2024 Ivy League men's basketball tournament
- Champions: Yale
- Runners-up: Cornell

Basketball seasons
- 2023–242025–26

= 2024–25 Ivy League men's basketball season =

The 2024–25 Ivy League men's basketball season marked the continuation of the annual tradition of competitive basketball among Ivy League members.

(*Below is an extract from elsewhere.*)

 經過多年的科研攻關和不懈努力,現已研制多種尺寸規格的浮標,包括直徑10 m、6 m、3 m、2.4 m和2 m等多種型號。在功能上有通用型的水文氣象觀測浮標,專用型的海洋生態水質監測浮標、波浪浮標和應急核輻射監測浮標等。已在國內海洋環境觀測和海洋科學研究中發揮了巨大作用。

The tradition began when the league was formed during the 1956–57 season and its history extends to the predecessor Eastern Intercollegiate Basketball League, which was formed in 1902.

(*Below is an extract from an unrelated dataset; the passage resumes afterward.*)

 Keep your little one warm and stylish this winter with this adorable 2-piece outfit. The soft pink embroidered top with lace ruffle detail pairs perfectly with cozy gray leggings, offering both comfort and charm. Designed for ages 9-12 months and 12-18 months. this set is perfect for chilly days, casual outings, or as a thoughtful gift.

Yale earned the league title after finishing the regular season a league-best 13–1. In the 2025 "Ivy Madness," the Ivy League's basketball tournament, Yale defeated fourth-seed Princeton 59–57 in the semifinals before defeating second-seed Cornell 90–84 to clinch the Ivy League's autobid to the 2025 NCAA Men's Division I Basketball Tournament. This was the first time Yale secured back-to-back Ivy Madness championships. Yale lost Texas A&M 80–71 in the first round of the tournament.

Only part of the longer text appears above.